Debtor agreed to sell the business, the real property on which it was situated and all of the fixtures and equipment used in the business for a total of $200,000. Of this amount, $125,000 was allocated to the real property, $50,000 to the good will of the business and $25,000 to the fixtures and equipment (Agreement of Sale, ¶ ¶ 1, 6).
The agreement of sale specified that buyers were to pay $20,000 to debtor upon execution of the agreement. They were to *100pay the remaining $180,000 in 156 equal installments of principal and interest in the amount of $2,049.04 per month (¶ 1).
Buyers agreed to pay all property taxes and assessments as they became due during the term of the agreement. They also agreed to purchase and maintain hazard insurance on the property and liability insurance for the business (¶ 2, 3).
Buyers purchased the premises “as is” and were solely responsible for maintaining, repairing and renovating the premises (¶ 4).
Debtor could declare a default in the event buyers: (1) failed to pay any monthly installment within thirty-one days of its due date; (2) failed to pay property taxes or assessments as they became due; and (3) failed to maintain adequate insurance. In the event buyers defaulted on these obligations, debtor could retain all installment payments made up to the time of the default as liquidated damages and also demand possession of the premises and surrender of the business (¶ 5).
Upon their compliance with all of the above terms of the agreement pertaining to them, debtor agreed to deliver to buyers a general warranty deed to the premises (¶6).
Claimant Miller issued a check payable to debtor in the amount of $20,000 on August 22, 2001. Debtor deposited the check shortly thereafter into a bank account under her control.
Miller claimed at trial that she was unaware when she and her brother executed the sale agreement that the real property was subject to a mortgage debtor previously had granted to Citifinancial Services. The record does not indicate when the mortgage was granted or the outstanding amount of the mortgage lien at the time the sale agreement was executed.

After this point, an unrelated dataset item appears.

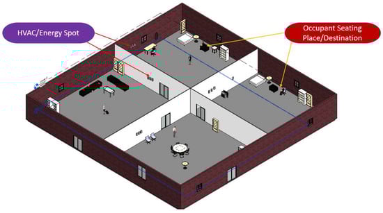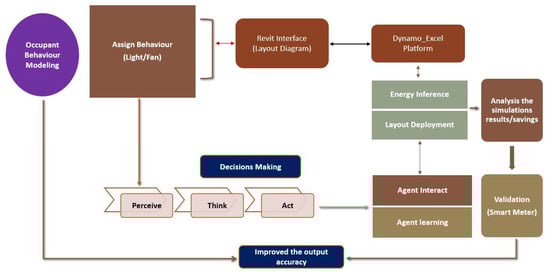 Usually, an occupant agent observes its surroundings, which is well-described by the input data and the space layout information as well as thermal and visual situations of the specified spaces. The layout conditions (Figure 2) correspond to the individual’s agent’s destination (e.g., seating point) and other parameters (e.g., switch distance) that allow an occupant agent to realize its motivation to keep track of the energy calculation. The goal of the energy estimation is to describe how agent (occupant) behaviours influence the interior of allocation within the space. This can expressively influence the occupant’s destination; switch distances and environmental conditions that also consider the behavioural variations made by occupant agents. The last part of the framework is intervention and model validation, which determine the flexibility and robustness of the proposed model.

Miller purchased hazard insurance for the building and its contents on November 19, 2001, approximately three months after execution of the sale agreement. The record does not indicate whether she purchased liability insurance for the business.
The property was scheduled for a tax sale in October of 2004 because taxes due for the year 2002 had not been paid. The tax sale did not go forward after debtor paid the past-due taxes out of her own pocket. Citifinancial paid taxes due for the years 2001, 2003, and 2004. Miller attempted to pay property taxes due for the year 2005, but was informed by the taxing authority that Citifinancial already had done so. Why Citifinancial did not pay the taxes due for the year 2002 when it had done so for the year preceding and the three years following the year 2002 is not apparent from the record.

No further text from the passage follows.